Выращивать новые виды восприятия пытались не только с помощью синестезий уже существующих чувств, но и создавая совершенно новые виды восприятия. «Мы должны все пересоздать, – призывал Андрей Белый, – для этого мы должны создать самих себя»[783]. Символисты возродили одну из самых древних на земле идей – идею о «новом человеке», которую в разные эпохи развивали богословие, философия и наука. Об эволюции человека как прогрессе внутреннем, развитии разума, тонкости чувствований и влечений писали философы Просвещения. Именно эти качества И.-Г. Гердер положил в основу своего ключевого понятия «Humanität» – «человечности», «духа человеколюбия», «гуманности». Он мечтал о том времени, когда «человек – пока только человекоподобный – станет человеком», когда «расцветет бутон гуманности… и явит подлинный облик человека, его настоящую, его полную красоту»[784]. Как и другие философы Просвещения, Гердер верил в единство мира и рассматривал человека как звено в цепи всеобщего развития, вершина которого – гений. Позже эти идеи подхватили создатели теории эволюции Герберт Спенсер, Альфред Уоллес и Чарльз Дарвин. Каждый из них имел собственное представление о том, к какому типу человека должна привести эволюция[785]. Одним из немногих критиков эволюционной идеи был Достоевский. Мысль, что эволюция создаст «нового человека», который будет отличен от современного физически, он вложил в уста противоречивого героя «Бесов» – Кириллова. Тот пророчествует, что в будущем вся история разделится на две части: «от гориллы до уничтожения Бога и от уничтожения Бога… до перемены земли и человека физически»[786].

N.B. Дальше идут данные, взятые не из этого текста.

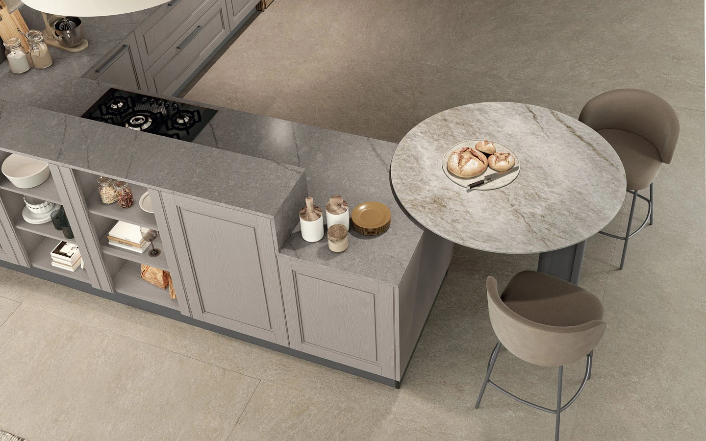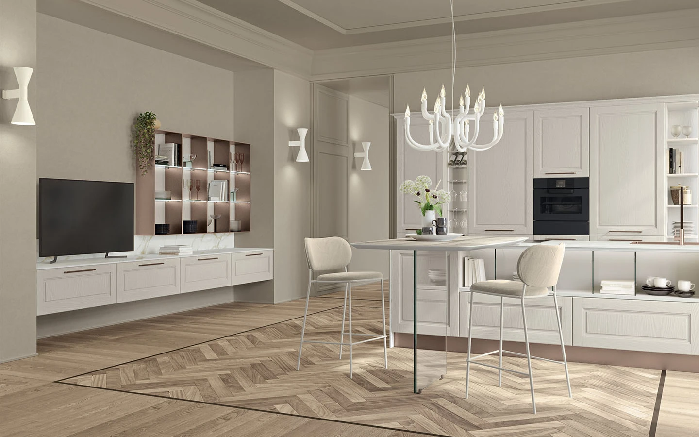 С възможностите на колекцията AGNESE STYLE, нашият екип може да удовлетвори естетичните предпочитания на всеки един клиент и да ги адаптира към всяко едно пространство, предназначено както за кухня, така и за дневна.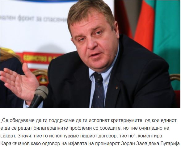 «Προσπαθούμε να τους υποστηρίξουμε να πληρούν τα κριτήρια, ένα από τα οποία είναι η επίλυση διμερών ζητημάτων με τους γείτονες, αλλά προφανώς, δεν το θέλουν. Έτσι εκπληρώνουμε τη συμφωνία μας, αυτοί όχι», σχολίασε ο Καρακατσάνοφ σε απάντηση σε δήλωση του πρωθυπουργού Ζόραν Ζάεφ ότι η Βουλγαρία παραβίασε το άρθρο 2 της Συμφωνίας Καλής Γειτονίας.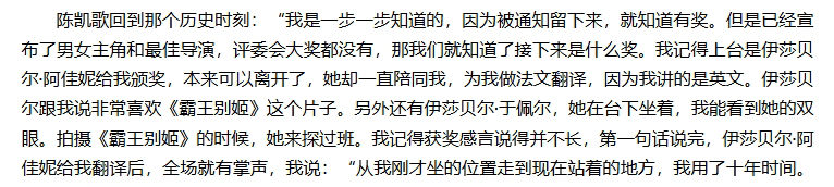 题外话,阿佳妮对中国电影没啥意见,当年她对《霸王别姬》的欣赏与支持就令陈凯歌感念多年。这回对王家卫这么刻薄,可能就是纯粹觉得难看。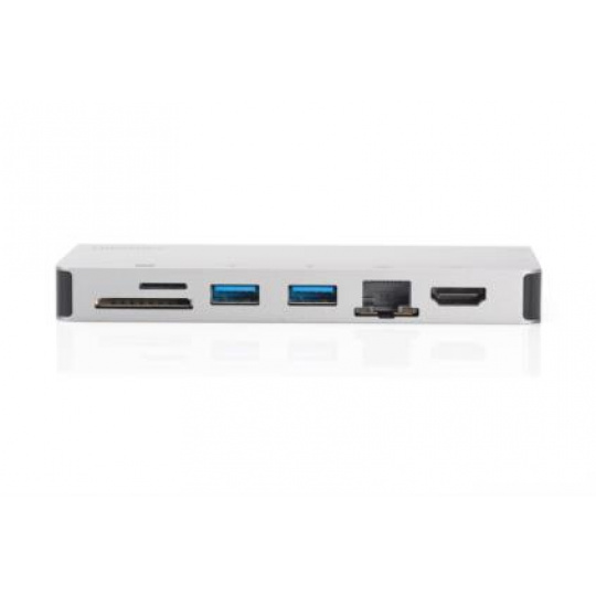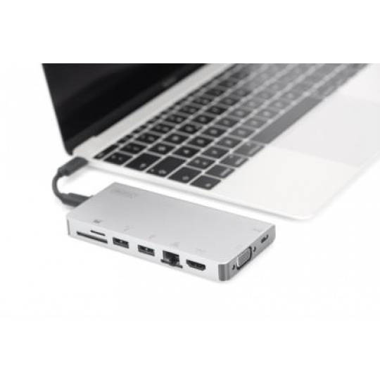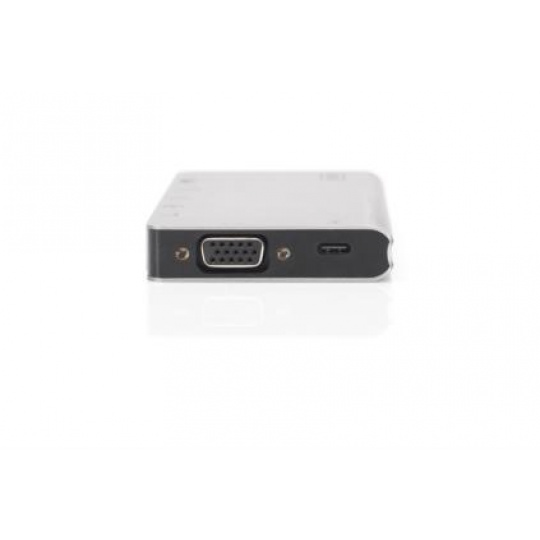Digitus Cestovní dokovací stanice USB-C Multiport, 8 portů 2x video, 2x USB-C, 2x USB3.0, čtečka karet RJ45,2x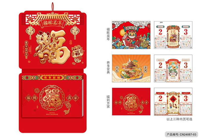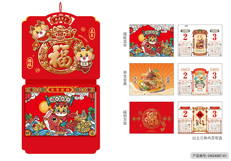 月历分类:创新工艺择吉九开双日历 CN24087-01至CN24087-03 (图片及画面比例仅作参考,一切以实物样品为准)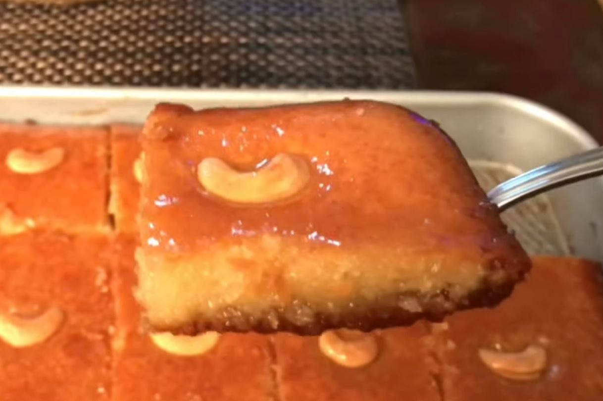 Βγάζουμε το σιρόπι από τη φωτιά και αμέσως αδειαζουμε το σιρόπι πάνω από το κέικ και το αφήνουμε 1 ώρα να απορροφήσει το σιρόπι. Κόβουμε σε κομμάτια και σερβίρουμε.

Не полагаясь на эволюцию, поэтесса и художница Елена Гуро и музыкант и художник Михаил Матюшин решили культивировать новую чувствительность самостоятельно. Матюшин считал, что каждый художник должен развить в себе сверхчувствительность, а Гуро повторяла: «Природа любит внимательных». По-настоящему наблюдательный человек видит не только глазами, но и органами, впрямую к этому не приспособленными – как, например, воспринимают мир слепые. Матюшин «понял драгоценное свойство рассеянного  взора мечтателей, поэтов, художников», которые только и могут постичь Вселенную как единое и неделимое целое[787]. Он сам стал практиковать такое рассосредоточенное, рассеянное восприятие, которое на самом деле оказывалось наиболее полным, всеохватывающим восприятием мира. В петроградском Институте художественной культуры Матюшин возглавил отдел «органической культуры», где вместе с сотрудниками экспериментировал с «затылочным» – «расширенным» до 360 градусов – зрением. Его ученики, например, писали незнакомый им пейзаж с натуры, но с завязанными глазами[788]. Свою теорию он назвал «Зор-вед» – «зрение-ведание». Интересно, что похожие эксперименты по развитию необычной чувствительности и формированию новых органов чувств проводились и в академической науке. Нобелевский лауреат И.П. Павлов формировал «парадоксальные» условные рефлексы у собак, вырабатывая у них «любовь» к удару током, а психолог А.Н. Леонтьев учил своих испытуемых различать цвет с помощью не глаз, а ладоней[789].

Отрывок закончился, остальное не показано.